§ Data to process
┌──
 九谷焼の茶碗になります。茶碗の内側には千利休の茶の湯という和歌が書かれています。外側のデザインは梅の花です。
└──
┌──
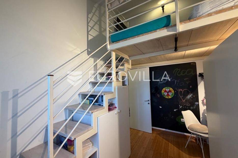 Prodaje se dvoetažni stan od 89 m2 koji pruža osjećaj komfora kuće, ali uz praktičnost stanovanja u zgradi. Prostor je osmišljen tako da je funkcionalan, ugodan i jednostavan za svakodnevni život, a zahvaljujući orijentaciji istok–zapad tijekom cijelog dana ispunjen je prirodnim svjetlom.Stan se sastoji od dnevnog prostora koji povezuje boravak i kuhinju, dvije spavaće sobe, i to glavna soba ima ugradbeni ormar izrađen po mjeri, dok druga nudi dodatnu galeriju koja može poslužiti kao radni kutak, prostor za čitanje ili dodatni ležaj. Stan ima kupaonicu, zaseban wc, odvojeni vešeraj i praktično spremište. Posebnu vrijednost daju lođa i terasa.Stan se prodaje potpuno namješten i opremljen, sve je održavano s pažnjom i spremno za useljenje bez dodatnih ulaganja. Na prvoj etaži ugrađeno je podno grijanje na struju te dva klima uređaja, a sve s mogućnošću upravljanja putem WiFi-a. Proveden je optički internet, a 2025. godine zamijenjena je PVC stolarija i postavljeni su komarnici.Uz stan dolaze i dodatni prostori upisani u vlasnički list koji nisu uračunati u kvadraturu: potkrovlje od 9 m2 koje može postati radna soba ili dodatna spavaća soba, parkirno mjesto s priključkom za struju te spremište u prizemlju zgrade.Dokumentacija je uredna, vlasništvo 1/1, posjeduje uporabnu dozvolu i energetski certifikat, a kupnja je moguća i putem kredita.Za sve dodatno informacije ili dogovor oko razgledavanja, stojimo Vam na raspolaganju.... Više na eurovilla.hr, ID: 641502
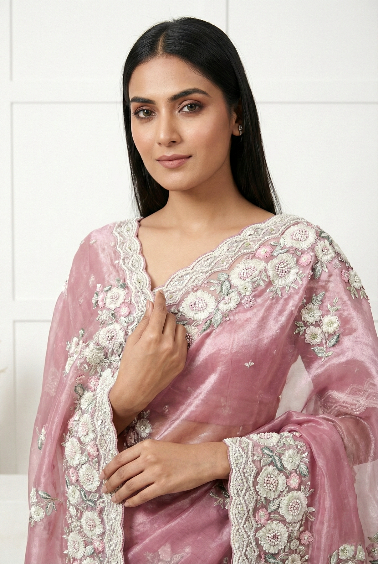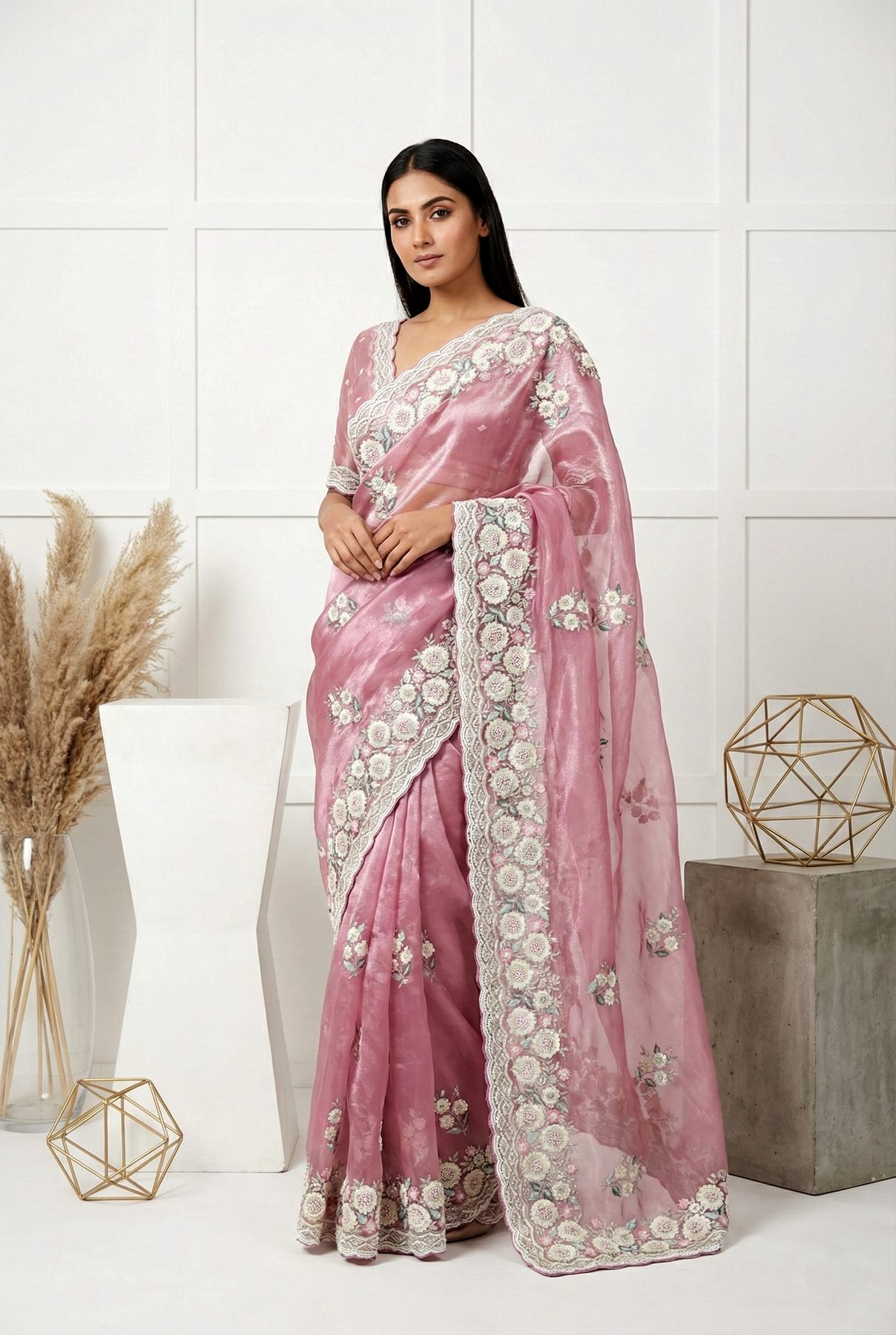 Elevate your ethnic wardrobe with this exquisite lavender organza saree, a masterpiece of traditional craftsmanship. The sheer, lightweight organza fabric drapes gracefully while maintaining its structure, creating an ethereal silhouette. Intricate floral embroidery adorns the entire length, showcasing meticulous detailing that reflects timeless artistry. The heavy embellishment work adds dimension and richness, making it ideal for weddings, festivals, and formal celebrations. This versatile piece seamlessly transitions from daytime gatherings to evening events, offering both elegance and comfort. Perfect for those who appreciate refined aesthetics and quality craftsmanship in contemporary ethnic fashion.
└──
§ Exercise goal
Among the entries above, take the line with "Prodaje se dvoetažni", the line with "Elevate your ethnic", and all the lines between them, and restate them word for word without pictures.

§ Result of this task
 Prodaje se dvoetažni stan od 89 m2 koji pruža osjećaj komfora kuće, ali uz praktičnost stanovanja u zgradi. Prostor je osmišljen tako da je funkcionalan, ugodan i jednostavan za svakodnevni život, a zahvaljujući orijentaciji istok–zapad tijekom cijelog dana ispunjen je prirodnim svjetlom.Stan se sastoji od dnevnog prostora koji povezuje boravak i kuhinju, dvije spavaće sobe, i to glavna soba ima ugradbeni ormar izrađen po mjeri, dok druga nudi dodatnu galeriju koja može poslužiti kao radni kutak, prostor za čitanje ili dodatni ležaj. Stan ima kupaonicu, zaseban wc, odvojeni vešeraj i praktično spremište. Posebnu vrijednost daju lođa i terasa.Stan se prodaje potpuno namješten i opremljen, sve je održavano s pažnjom i spremno za useljenje bez dodatnih ulaganja. Na prvoj etaži ugrađeno je podno grijanje na struju te dva klima uređaja, a sve s mogućnošću upravljanja putem WiFi-a. Proveden je optički internet, a 2025. godine zamijenjena je PVC stolarija i postavljeni su komarnici.Uz stan dolaze i dodatni prostori upisani u vlasnički list koji nisu uračunati u kvadraturu: potkrovlje od 9 m2 koje može postati radna soba ili dodatna spavaća soba, parkirno mjesto s priključkom za struju te spremište u prizemlju zgrade.Dokumentacija je uredna, vlasništvo 1/1, posjeduje uporabnu dozvolu i energetski certifikat, a kupnja je moguća i putem kredita.Za sve dodatno informacije ili dogovor oko razgledavanja, stojimo Vam na raspolaganju.... Više na eurovilla.hr, ID: 641502
 Elevate your ethnic wardrobe with this exquisite lavender organza saree, a masterpiece of traditional craftsmanship. The sheer, lightweight organza fabric drapes gracefully while maintaining its structure, creating an ethereal silhouette. Intricate floral embroidery adorns the entire length, showcasing meticulous detailing that reflects timeless artistry. The heavy embellishment work adds dimension and richness, making it ideal for weddings, festivals, and formal celebrations. This versatile piece seamlessly transitions from daytime gatherings to evening events, offering both elegance and comfort. Perfect for those who appreciate refined aesthetics and quality craftsmanship in contemporary ethnic fashion.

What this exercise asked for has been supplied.